Organic anion and cation transport in vitro by dog choroid plexus: effects of neuroleptics and tricyclic antidepressants.

Dog lateral choroid plexus accumulates the cation 14C-emepronium and the divalent anion 125I-iodipamide in vitro. At 10 micron, high potency neuroleptics with a substituted piperazine side chain and also haloperidol depress only the uptake of the cation and even stimulate the uptake of the anion. In contrast, at 1--10 micron, the accumulation of both test substances is inhibited by neuroleptics and tricyclic antidepressants with an aliphatic side chain. Such unspecific effects on seemingly unrelated transport systems at concentrations reached clinically in the CSF might explain some side actions of low potency neuroleptics and antidepressants.

Organic cation uptake in vitro by the rabbit iris-ciliary body, renal cortex, and choroid plexus.

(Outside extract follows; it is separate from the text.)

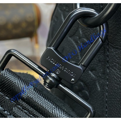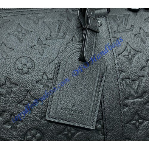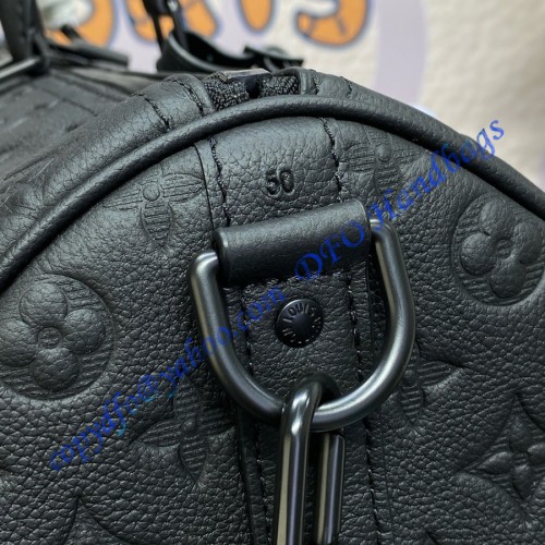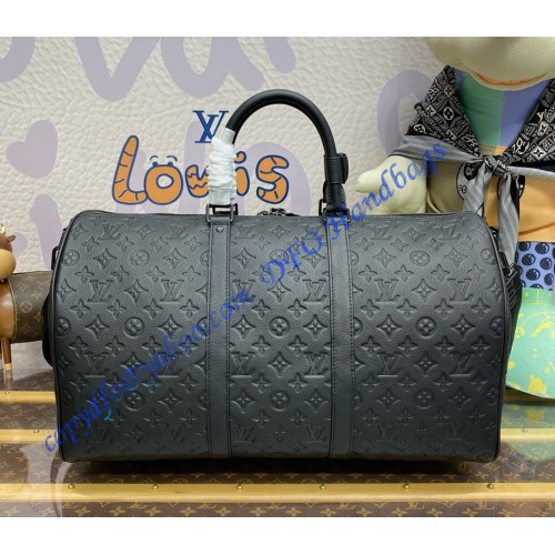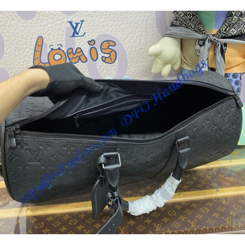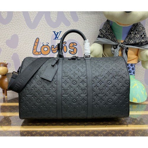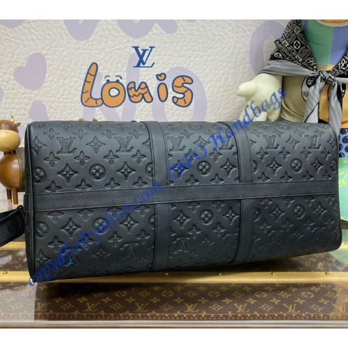 A Louis Vuitton icon, the Keepall Bandoulière 50 is revisited in Monogram Shadow leather, embossed all over with the Monogram pattern. The minimalist design is complemented by matte black hardware. Launched in the 1930s, the Keepall was the original soft travel bag, and it remains as elegant as ever, with the cabin size ideal for short trips.

The uptake in vitro of radioactively labeled test substances was studied in tissues from albino rabbits. Choroid plexus, slices of outer renal cortex, and iris-ciliary body were incubated in a K-rich medium containing one of the cations 14C-Emepronium (Cetiprin), 14C-tetraethylammonium, 14C-choline, or 125I-o-iodobenzyltrimethylammonium and sometimes the anions 131I-o-iodohippurate and 125I-iodipamide. Choroid plexus and renal cortex accumulated all test substances, some to very high tissue-medium ratios. The iris-ciliary body preparation accumulated the anions well but the organic cations only weakly. The only convincing uptake was that of Emepronium. The affinity of this uptake system seemed to be similar to that in the kidney, half-saturating around 10(-4)M Emepronium.